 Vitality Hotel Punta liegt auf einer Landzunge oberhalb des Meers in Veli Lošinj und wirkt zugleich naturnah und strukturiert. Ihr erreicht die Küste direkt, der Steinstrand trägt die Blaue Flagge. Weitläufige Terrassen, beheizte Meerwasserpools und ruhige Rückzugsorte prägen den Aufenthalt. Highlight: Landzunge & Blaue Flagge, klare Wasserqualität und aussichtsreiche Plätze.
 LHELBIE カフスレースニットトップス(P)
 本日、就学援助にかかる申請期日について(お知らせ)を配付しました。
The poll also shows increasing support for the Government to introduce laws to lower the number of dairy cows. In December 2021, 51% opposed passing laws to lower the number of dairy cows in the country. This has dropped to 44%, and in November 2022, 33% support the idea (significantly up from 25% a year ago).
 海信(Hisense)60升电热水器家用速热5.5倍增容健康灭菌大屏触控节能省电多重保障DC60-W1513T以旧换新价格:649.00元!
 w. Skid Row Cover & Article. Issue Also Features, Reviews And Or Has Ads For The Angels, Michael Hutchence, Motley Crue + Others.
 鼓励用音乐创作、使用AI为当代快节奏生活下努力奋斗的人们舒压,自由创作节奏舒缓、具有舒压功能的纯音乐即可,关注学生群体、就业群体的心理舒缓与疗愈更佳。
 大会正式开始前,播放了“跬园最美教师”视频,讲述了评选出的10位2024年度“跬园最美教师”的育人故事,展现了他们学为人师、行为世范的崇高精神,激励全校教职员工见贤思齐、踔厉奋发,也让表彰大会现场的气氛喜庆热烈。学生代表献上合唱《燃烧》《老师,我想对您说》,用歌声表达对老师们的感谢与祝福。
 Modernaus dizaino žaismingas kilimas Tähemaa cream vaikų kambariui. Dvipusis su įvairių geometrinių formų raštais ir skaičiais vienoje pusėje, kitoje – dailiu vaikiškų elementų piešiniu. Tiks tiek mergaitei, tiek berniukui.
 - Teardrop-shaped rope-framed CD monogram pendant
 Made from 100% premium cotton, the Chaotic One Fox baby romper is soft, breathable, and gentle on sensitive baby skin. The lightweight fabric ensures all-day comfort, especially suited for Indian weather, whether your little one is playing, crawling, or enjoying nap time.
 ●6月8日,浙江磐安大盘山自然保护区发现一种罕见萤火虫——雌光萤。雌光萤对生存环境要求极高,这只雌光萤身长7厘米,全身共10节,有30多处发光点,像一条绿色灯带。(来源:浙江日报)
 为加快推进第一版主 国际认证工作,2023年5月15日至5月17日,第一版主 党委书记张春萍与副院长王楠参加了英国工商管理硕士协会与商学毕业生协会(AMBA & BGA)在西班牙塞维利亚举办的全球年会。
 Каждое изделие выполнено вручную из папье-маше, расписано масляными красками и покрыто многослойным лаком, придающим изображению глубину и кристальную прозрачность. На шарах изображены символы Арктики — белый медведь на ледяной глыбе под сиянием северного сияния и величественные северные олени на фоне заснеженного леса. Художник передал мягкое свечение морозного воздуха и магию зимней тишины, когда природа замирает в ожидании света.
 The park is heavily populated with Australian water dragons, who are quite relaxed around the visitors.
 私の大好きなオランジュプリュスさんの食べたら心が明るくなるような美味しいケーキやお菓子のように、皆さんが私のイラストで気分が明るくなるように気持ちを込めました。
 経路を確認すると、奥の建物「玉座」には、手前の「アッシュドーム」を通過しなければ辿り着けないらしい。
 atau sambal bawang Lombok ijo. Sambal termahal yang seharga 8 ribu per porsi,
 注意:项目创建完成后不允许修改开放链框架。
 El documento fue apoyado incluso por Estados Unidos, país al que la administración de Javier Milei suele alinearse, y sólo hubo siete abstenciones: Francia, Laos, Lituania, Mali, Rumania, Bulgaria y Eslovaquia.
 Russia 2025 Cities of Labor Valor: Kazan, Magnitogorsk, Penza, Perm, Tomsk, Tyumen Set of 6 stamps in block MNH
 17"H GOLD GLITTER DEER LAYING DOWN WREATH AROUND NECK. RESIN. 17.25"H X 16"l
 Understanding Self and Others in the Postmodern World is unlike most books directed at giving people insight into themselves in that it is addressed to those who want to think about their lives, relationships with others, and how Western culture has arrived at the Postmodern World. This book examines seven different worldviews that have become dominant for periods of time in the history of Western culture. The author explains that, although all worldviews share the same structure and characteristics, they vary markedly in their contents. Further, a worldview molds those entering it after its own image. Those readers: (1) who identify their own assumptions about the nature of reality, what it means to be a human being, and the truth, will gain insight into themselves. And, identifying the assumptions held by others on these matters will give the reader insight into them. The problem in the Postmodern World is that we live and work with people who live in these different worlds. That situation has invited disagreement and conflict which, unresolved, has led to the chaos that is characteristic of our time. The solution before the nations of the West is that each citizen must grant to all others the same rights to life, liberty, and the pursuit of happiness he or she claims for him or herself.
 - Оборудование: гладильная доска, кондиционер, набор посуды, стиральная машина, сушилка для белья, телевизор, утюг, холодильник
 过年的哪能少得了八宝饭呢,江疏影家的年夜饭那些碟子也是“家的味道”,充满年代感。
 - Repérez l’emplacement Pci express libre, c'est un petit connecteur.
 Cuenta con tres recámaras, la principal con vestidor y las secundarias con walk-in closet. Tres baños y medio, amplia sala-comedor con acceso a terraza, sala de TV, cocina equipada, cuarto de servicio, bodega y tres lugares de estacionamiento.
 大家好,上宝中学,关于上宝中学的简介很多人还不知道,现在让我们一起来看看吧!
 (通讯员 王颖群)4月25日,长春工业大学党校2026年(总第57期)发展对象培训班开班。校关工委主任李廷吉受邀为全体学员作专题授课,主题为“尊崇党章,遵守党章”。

### TASK TO CARRY OUT
Print out the entire listing above without any change.

### COMPLETED TASK
 Vitality Hotel Punta liegt auf einer Landzunge oberhalb des Meers in Veli Lošinj und wirkt zugleich naturnah und strukturiert. Ihr erreicht die Küste direkt, der Steinstrand trägt die Blaue Flagge. Weitläufige Terrassen, beheizte Meerwasserpools und ruhige Rückzugsorte prägen den Aufenthalt. Highlight: Landzunge & Blaue Flagge, klare Wasserqualität und aussichtsreiche Plätze.
 LHELBIE カフスレースニットトップス(P)
 本日、就学援助にかかる申請期日について(お知らせ)を配付しました。
The poll also shows increasing support for the Government to introduce laws to lower the number of dairy cows. In December 2021, 51% opposed passing laws to lower the number of dairy cows in the country. This has dropped to 44%, and in November 2022, 33% support the idea (significantly up from 25% a year ago).
 海信(Hisense)60升电热水器家用速热5.5倍增容健康灭菌大屏触控节能省电多重保障DC60-W1513T以旧换新价格:649.00元!
 w. Skid Row Cover & Article. Issue Also Features, Reviews And Or Has Ads For The Angels, Michael Hutchence, Motley Crue + Others.
 鼓励用音乐创作、使用AI为当代快节奏生活下努力奋斗的人们舒压,自由创作节奏舒缓、具有舒压功能的纯音乐即可,关注学生群体、就业群体的心理舒缓与疗愈更佳。
 大会正式开始前,播放了“跬园最美教师”视频,讲述了评选出的10位2024年度“跬园最美教师”的育人故事,展现了他们学为人师、行为世范的崇高精神,激励全校教职员工见贤思齐、踔厉奋发,也让表彰大会现场的气氛喜庆热烈。学生代表献上合唱《燃烧》《老师,我想对您说》,用歌声表达对老师们的感谢与祝福。
 Modernaus dizaino žaismingas kilimas Tähemaa cream vaikų kambariui. Dvipusis su įvairių geometrinių formų raštais ir skaičiais vienoje pusėje, kitoje – dailiu vaikiškų elementų piešiniu. Tiks tiek mergaitei, tiek berniukui.
 - Teardrop-shaped rope-framed CD monogram pendant
 Made from 100% premium cotton, the Chaotic One Fox baby romper is soft, breathable, and gentle on sensitive baby skin. The lightweight fabric ensures all-day comfort, especially suited for Indian weather, whether your little one is playing, crawling, or enjoying nap time.
 ●6月8日,浙江磐安大盘山自然保护区发现一种罕见萤火虫——雌光萤。雌光萤对生存环境要求极高,这只雌光萤身长7厘米,全身共10节,有30多处发光点,像一条绿色灯带。(来源:浙江日报)
 为加快推进第一版主 国际认证工作,2023年5月15日至5月17日,第一版主 党委书记张春萍与副院长王楠参加了英国工商管理硕士协会与商学毕业生协会(AMBA & BGA)在西班牙塞维利亚举办的全球年会。
 Каждое изделие выполнено вручную из папье-маше, расписано масляными красками и покрыто многослойным лаком, придающим изображению глубину и кристальную прозрачность. На шарах изображены символы Арктики — белый медведь на ледяной глыбе под сиянием северного сияния и величественные северные олени на фоне заснеженного леса. Художник передал мягкое свечение морозного воздуха и магию зимней тишины, когда природа замирает в ожидании света.
 The park is heavily populated with Australian water dragons, who are quite relaxed around the visitors.
 私の大好きなオランジュプリュスさんの食べたら心が明るくなるような美味しいケーキやお菓子のように、皆さんが私のイラストで気分が明るくなるように気持ちを込めました。
 経路を確認すると、奥の建物「玉座」には、手前の「アッシュドーム」を通過しなければ辿り着けないらしい。
 atau sambal bawang Lombok ijo. Sambal termahal yang seharga 8 ribu per porsi,
 注意:项目创建完成后不允许修改开放链框架。
 El documento fue apoyado incluso por Estados Unidos, país al que la administración de Javier Milei suele alinearse, y sólo hubo siete abstenciones: Francia, Laos, Lituania, Mali, Rumania, Bulgaria y Eslovaquia.
 Russia 2025 Cities of Labor Valor: Kazan, Magnitogorsk, Penza, Perm, Tomsk, Tyumen Set of 6 stamps in block MNH
 17"H GOLD GLITTER DEER LAYING DOWN WREATH AROUND NECK. RESIN. 17.25"H X 16"l
 Understanding Self and Others in the Postmodern World is unlike most books directed at giving people insight into themselves in that it is addressed to those who want to think about their lives, relationships with others, and how Western culture has arrived at the Postmodern World. This book examines seven different worldviews that have become dominant for periods of time in the history of Western culture. The author explains that, although all worldviews share the same structure and characteristics, they vary markedly in their contents. Further, a worldview molds those entering it after its own image. Those readers: (1) who identify their own assumptions about the nature of reality, what it means to be a human being, and the truth, will gain insight into themselves. And, identifying the assumptions held by others on these matters will give the reader insight into them. The problem in the Postmodern World is that we live and work with people who live in these different worlds. That situation has invited disagreement and conflict which, unresolved, has led to the chaos that is characteristic of our time. The solution before the nations of the West is that each citizen must grant to all others the same rights to life, liberty, and the pursuit of happiness he or she claims for him or herself.
 - Оборудование: гладильная доска, кондиционер, набор посуды, стиральная машина, сушилка для белья, телевизор, утюг, холодильник
 过年的哪能少得了八宝饭呢,江疏影家的年夜饭那些碟子也是“家的味道”,充满年代感。
 - Repérez l’emplacement Pci express libre, c'est un petit connecteur.
 Cuenta con tres recámaras, la principal con vestidor y las secundarias con walk-in closet. Tres baños y medio, amplia sala-comedor con acceso a terraza, sala de TV, cocina equipada, cuarto de servicio, bodega y tres lugares de estacionamiento.
 大家好,上宝中学,关于上宝中学的简介很多人还不知道,现在让我们一起来看看吧!
 (通讯员 王颖群)4月25日,长春工业大学党校2026年(总第57期)发展对象培训班开班。校关工委主任李廷吉受邀为全体学员作专题授课,主题为“尊崇党章,遵守党章”。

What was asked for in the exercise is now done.